» **REQUIRED ACTION**
Before anything else, drop the pictures; then return exactly the lines from the top of the listing through the line with "Green velvet ottoman.".
======== GIVEN MATERIAL
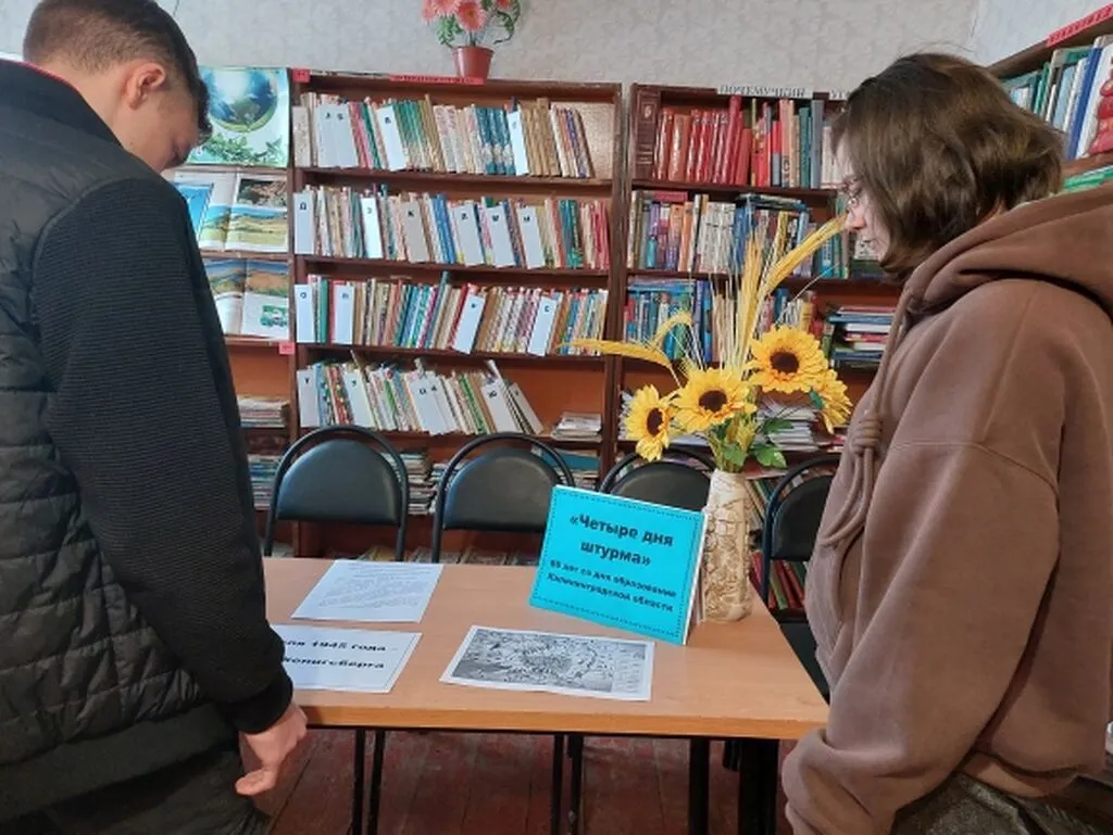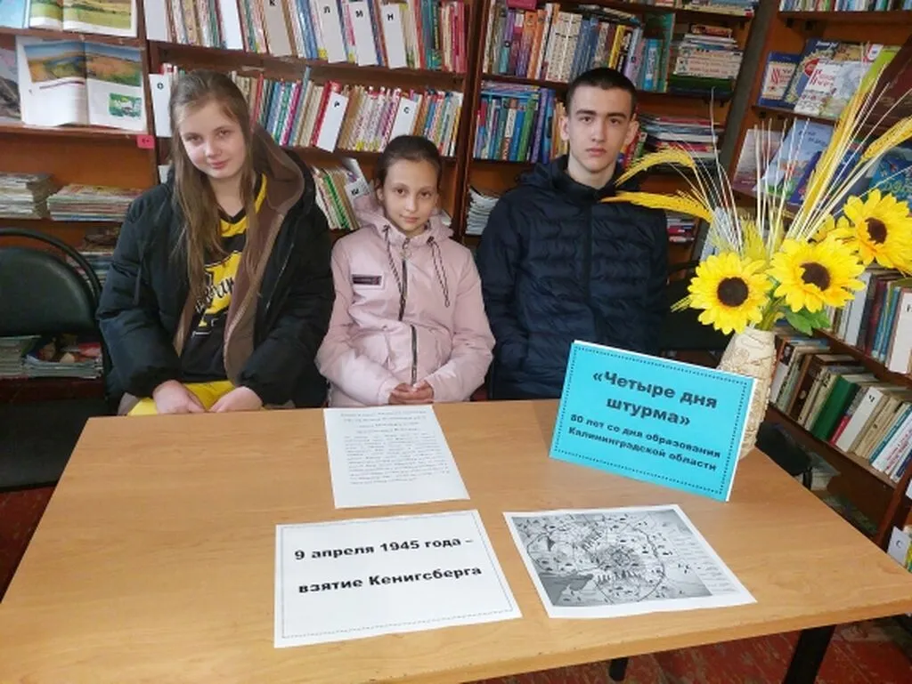 В рамках празднования 80-летия со дня образования Калининградской области в Любимовской сельской библиотеке был проведен патриотический час «Четыре дня штурма». Библиотекарь рассказала пользователям о тяжелых днях штурма Красной Армией считавшегося неприступным города-крепости Кёнигсберга в годы Великой Отечественной войны, что предопределило появление самого западного региона России – Калининградской области.
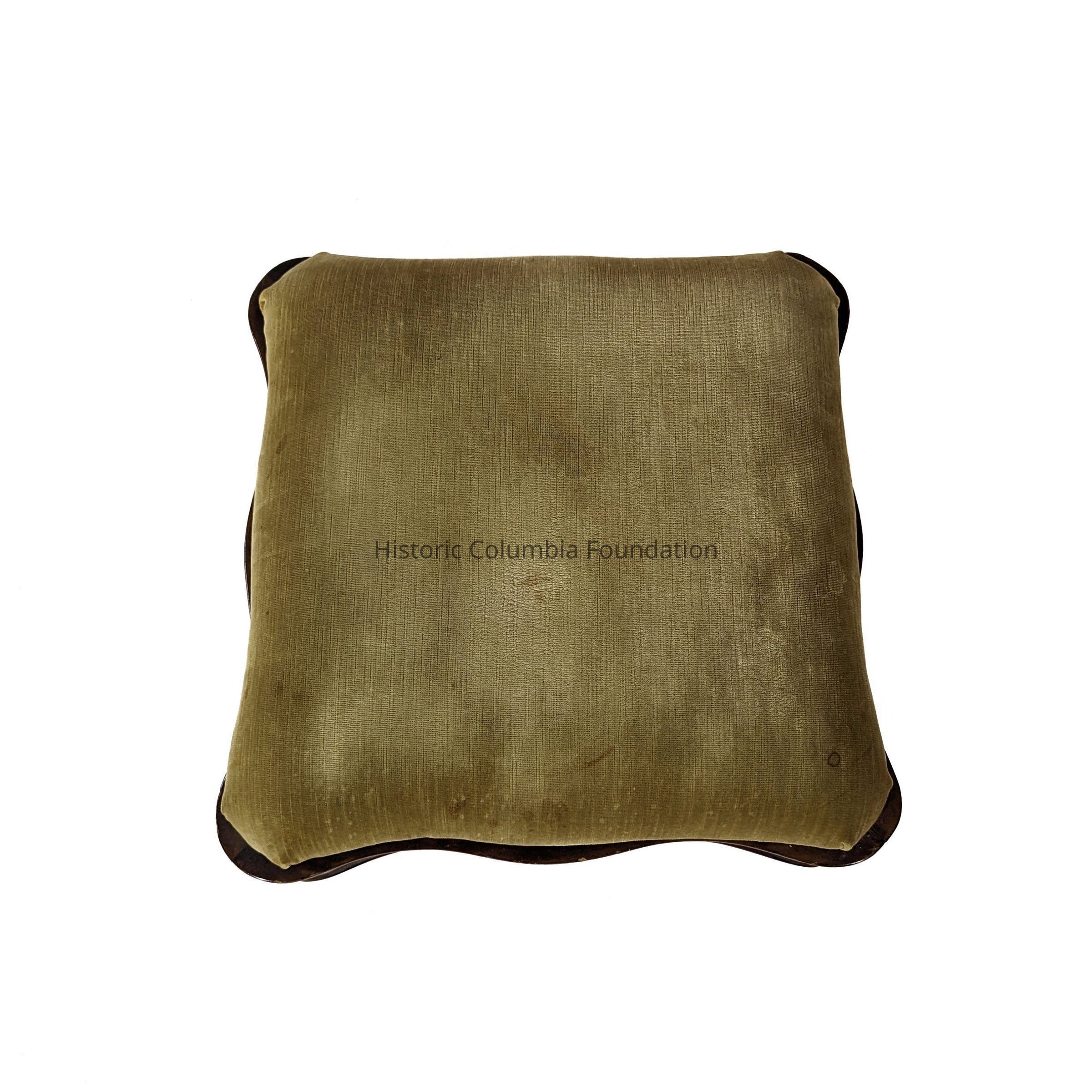 Green velvet ottoman. Completed in the Rococo Revival style, this footrest features a cushion covered in olive green upholstery, a rosewood base, and casters on the feet.Furniture Details
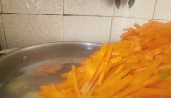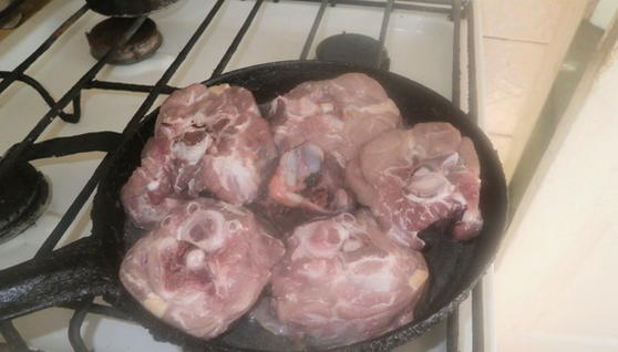 Legen Sie das gebratene Lamm in einen tiefen Topf. Gießen Sie vorbereitetes kochendes Wasser ein. Auf mittlere Hitze stellen und zum Kochen bringen, dabei den entstandenen Schaum regelmäßig mit einem Schaumlöffel oder einem feinen Sieb abschöpfen. Dann die Hitze reduzieren und das Lamm etwa 40-50 Minuten garen, bis es gar ist.
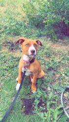 Nova is a 8 month old pitty/lab mix she is such a sweet and caring girl she loves everyone she meets along the way.
================
» **OUTPUT OF THE EXERCISE**
 В рамках празднования 80-летия со дня образования Калининградской области в Любимовской сельской библиотеке был проведен патриотический час «Четыре дня штурма». Библиотекарь рассказала пользователям о тяжелых днях штурма Красной Армией считавшегося неприступным города-крепости Кёнигсберга в годы Великой Отечественной войны, что предопределило появление самого западного региона России – Калининградской области.
 Green velvet ottoman. Completed in the Rococo Revival style, this footrest features a cushion covered in olive green upholstery, a rosewood base, and casters on the feet.Furniture Details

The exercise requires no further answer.